━━━━━ Information
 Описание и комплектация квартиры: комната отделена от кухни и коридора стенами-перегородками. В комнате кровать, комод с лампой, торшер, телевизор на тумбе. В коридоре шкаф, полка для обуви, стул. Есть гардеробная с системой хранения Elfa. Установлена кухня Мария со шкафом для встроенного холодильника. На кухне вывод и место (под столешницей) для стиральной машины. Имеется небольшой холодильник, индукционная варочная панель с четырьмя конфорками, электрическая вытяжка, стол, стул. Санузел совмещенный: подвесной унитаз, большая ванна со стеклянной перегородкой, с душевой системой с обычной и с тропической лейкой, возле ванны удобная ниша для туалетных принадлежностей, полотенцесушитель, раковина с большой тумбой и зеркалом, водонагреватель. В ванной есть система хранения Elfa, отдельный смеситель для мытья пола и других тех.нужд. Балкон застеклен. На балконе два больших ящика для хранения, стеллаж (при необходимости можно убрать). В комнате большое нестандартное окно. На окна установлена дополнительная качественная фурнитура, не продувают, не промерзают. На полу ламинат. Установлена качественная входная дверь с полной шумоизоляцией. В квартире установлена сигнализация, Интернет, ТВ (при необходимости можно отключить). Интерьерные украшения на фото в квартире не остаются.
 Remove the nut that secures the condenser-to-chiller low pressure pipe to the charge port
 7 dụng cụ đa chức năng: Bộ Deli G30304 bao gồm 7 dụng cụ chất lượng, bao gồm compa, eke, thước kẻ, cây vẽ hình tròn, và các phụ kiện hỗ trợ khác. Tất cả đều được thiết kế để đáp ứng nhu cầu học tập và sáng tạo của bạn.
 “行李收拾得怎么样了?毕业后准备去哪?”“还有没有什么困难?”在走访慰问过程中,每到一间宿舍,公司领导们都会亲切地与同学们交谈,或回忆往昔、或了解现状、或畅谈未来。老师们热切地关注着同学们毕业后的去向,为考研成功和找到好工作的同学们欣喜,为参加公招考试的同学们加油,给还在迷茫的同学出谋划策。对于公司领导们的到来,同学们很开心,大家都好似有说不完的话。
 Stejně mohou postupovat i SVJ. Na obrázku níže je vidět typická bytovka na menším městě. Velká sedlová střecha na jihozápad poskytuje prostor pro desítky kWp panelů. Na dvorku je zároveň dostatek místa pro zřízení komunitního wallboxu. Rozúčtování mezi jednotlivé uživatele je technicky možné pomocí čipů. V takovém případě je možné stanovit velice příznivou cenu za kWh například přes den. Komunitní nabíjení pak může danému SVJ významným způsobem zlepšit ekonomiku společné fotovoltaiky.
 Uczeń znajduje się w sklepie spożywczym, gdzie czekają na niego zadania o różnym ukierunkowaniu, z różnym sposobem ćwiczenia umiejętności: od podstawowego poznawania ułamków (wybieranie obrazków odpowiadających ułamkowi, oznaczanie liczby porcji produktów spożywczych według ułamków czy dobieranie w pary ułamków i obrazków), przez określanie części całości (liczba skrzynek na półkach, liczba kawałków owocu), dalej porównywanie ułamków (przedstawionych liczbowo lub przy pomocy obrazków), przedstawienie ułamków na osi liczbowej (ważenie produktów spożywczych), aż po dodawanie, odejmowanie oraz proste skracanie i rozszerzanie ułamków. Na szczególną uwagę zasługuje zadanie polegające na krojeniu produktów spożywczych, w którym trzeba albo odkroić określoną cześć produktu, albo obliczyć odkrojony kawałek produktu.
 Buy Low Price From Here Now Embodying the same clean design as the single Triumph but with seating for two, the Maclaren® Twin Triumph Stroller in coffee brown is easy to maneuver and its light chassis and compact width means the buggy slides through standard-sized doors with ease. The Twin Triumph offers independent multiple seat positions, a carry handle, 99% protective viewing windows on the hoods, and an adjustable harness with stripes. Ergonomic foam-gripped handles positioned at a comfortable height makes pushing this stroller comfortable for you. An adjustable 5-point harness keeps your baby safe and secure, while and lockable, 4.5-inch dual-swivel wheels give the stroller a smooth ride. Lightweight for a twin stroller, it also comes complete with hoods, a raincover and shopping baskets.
━━━━━━━━━━
━━━━━ Information
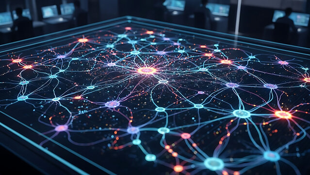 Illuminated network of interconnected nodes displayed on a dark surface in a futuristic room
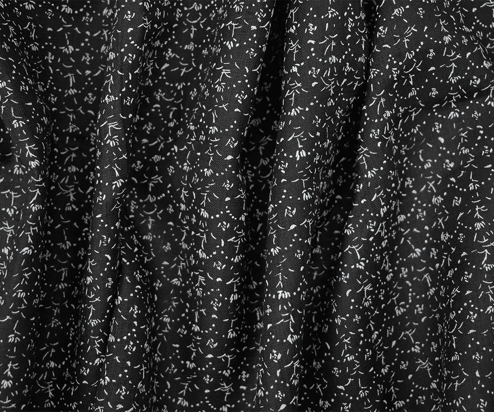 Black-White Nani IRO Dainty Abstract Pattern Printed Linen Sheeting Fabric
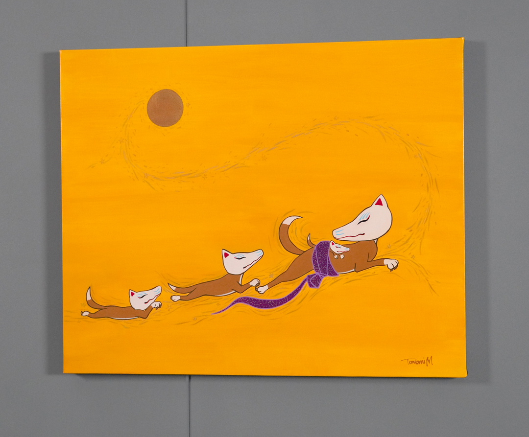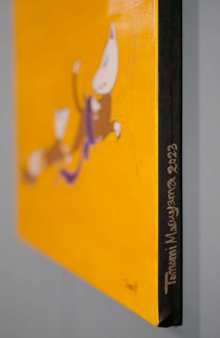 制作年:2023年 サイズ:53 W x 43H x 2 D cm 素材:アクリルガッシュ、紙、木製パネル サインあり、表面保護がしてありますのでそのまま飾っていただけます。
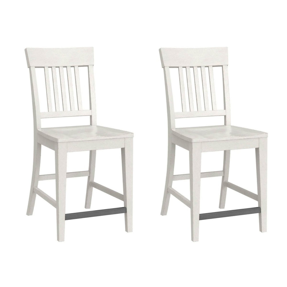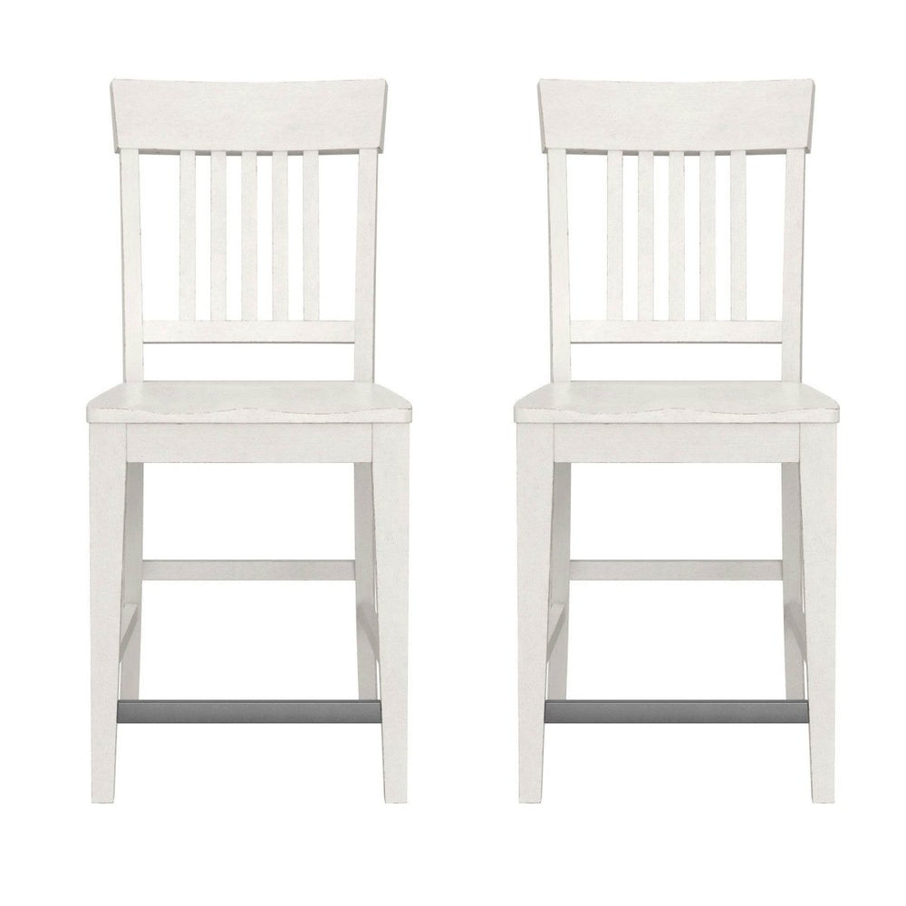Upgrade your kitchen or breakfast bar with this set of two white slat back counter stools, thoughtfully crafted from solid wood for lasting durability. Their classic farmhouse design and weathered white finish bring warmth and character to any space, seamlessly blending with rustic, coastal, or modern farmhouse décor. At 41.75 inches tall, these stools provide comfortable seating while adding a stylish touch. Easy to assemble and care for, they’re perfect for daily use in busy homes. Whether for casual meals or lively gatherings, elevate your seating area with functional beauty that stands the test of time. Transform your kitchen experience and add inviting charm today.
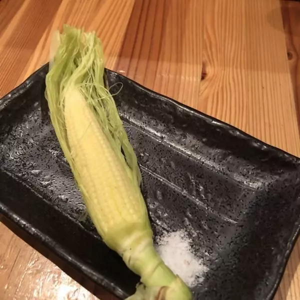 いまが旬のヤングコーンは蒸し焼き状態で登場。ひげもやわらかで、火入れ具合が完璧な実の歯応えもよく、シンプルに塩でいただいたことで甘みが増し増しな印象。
━━━━━━━━━━
#### [What is being asked]
Only one stretch of the entries above is wanted: the lines from the one containing "Uczeń znajduje się" through the one containing "Buy Low Price". Please reproduce it exactly.

#### [Problem solution]
 Uczeń znajduje się w sklepie spożywczym, gdzie czekają na niego zadania o różnym ukierunkowaniu, z różnym sposobem ćwiczenia umiejętności: od podstawowego poznawania ułamków (wybieranie obrazków odpowiadających ułamkowi, oznaczanie liczby porcji produktów spożywczych według ułamków czy dobieranie w pary ułamków i obrazków), przez określanie części całości (liczba skrzynek na półkach, liczba kawałków owocu), dalej porównywanie ułamków (przedstawionych liczbowo lub przy pomocy obrazków), przedstawienie ułamków na osi liczbowej (ważenie produktów spożywczych), aż po dodawanie, odejmowanie oraz proste skracanie i rozszerzanie ułamków. Na szczególną uwagę zasługuje zadanie polegające na krojeniu produktów spożywczych, w którym trzeba albo odkroić określoną cześć produktu, albo obliczyć odkrojony kawałek produktu.
 Buy Low Price From Here Now Embodying the same clean design as the single Triumph but with seating for two, the Maclaren® Twin Triumph Stroller in coffee brown is easy to maneuver and its light chassis and compact width means the buggy slides through standard-sized doors with ease. The Twin Triumph offers independent multiple seat positions, a carry handle, 99% protective viewing windows on the hoods, and an adjustable harness with stripes. Ergonomic foam-gripped handles positioned at a comfortable height makes pushing this stroller comfortable for you. An adjustable 5-point harness keeps your baby safe and secure, while and lockable, 4.5-inch dual-swivel wheels give the stroller a smooth ride. Lightweight for a twin stroller, it also comes complete with hoods, a raincover and shopping baskets.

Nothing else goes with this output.